What to do: From the material below, set down exactly the lines that run from the one containing "Ontdek de nieuwste" to the one containing "Äskettäin vietettiin energiailtaa", minus the pictures.

Records provided:
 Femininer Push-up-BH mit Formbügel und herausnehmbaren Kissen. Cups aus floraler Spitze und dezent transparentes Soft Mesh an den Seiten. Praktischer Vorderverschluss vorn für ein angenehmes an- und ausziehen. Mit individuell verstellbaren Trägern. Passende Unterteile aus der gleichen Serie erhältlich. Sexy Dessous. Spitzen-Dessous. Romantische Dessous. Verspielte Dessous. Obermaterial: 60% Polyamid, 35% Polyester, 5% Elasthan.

...

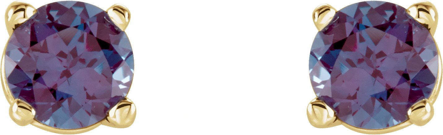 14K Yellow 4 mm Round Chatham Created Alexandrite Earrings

--

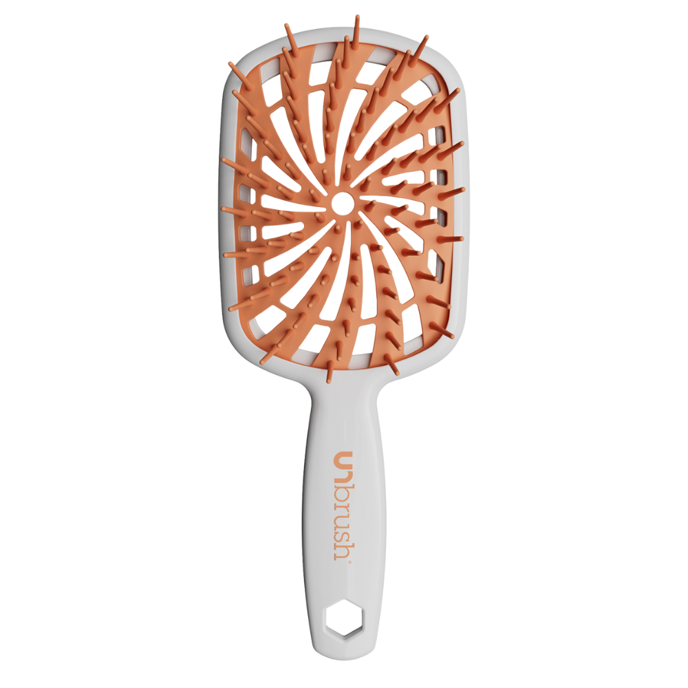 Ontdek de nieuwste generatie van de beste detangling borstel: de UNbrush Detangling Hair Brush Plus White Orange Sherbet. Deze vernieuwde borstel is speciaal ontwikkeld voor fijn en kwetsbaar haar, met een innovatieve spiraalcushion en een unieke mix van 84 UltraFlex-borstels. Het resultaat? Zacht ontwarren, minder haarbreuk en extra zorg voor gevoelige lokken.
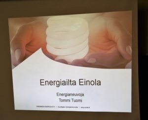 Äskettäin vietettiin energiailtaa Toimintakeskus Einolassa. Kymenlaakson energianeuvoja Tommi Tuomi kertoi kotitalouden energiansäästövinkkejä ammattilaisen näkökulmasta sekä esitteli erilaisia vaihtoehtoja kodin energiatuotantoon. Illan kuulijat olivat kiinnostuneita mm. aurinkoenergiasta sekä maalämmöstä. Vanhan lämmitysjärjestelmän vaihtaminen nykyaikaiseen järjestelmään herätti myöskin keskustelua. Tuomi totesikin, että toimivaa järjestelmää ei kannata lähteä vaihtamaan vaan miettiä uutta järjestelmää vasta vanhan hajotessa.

Response to this exercise:
 Ontdek de nieuwste generatie van de beste detangling borstel: de UNbrush Detangling Hair Brush Plus White Orange Sherbet. Deze vernieuwde borstel is speciaal ontwikkeld voor fijn en kwetsbaar haar, met een innovatieve spiraalcushion en een unieke mix van 84 UltraFlex-borstels. Het resultaat? Zacht ontwarren, minder haarbreuk en extra zorg voor gevoelige lokken.
 Äskettäin vietettiin energiailtaa Toimintakeskus Einolassa. Kymenlaakson energianeuvoja Tommi Tuomi kertoi kotitalouden energiansäästövinkkejä ammattilaisen näkökulmasta sekä esitteli erilaisia vaihtoehtoja kodin energiatuotantoon. Illan kuulijat olivat kiinnostuneita mm. aurinkoenergiasta sekä maalämmöstä. Vanhan lämmitysjärjestelmän vaihtaminen nykyaikaiseen järjestelmään herätti myöskin keskustelua. Tuomi totesikin, että toimivaa järjestelmää ei kannata lähteä vaihtamaan vaan miettiä uutta järjestelmää vasta vanhan hajotessa.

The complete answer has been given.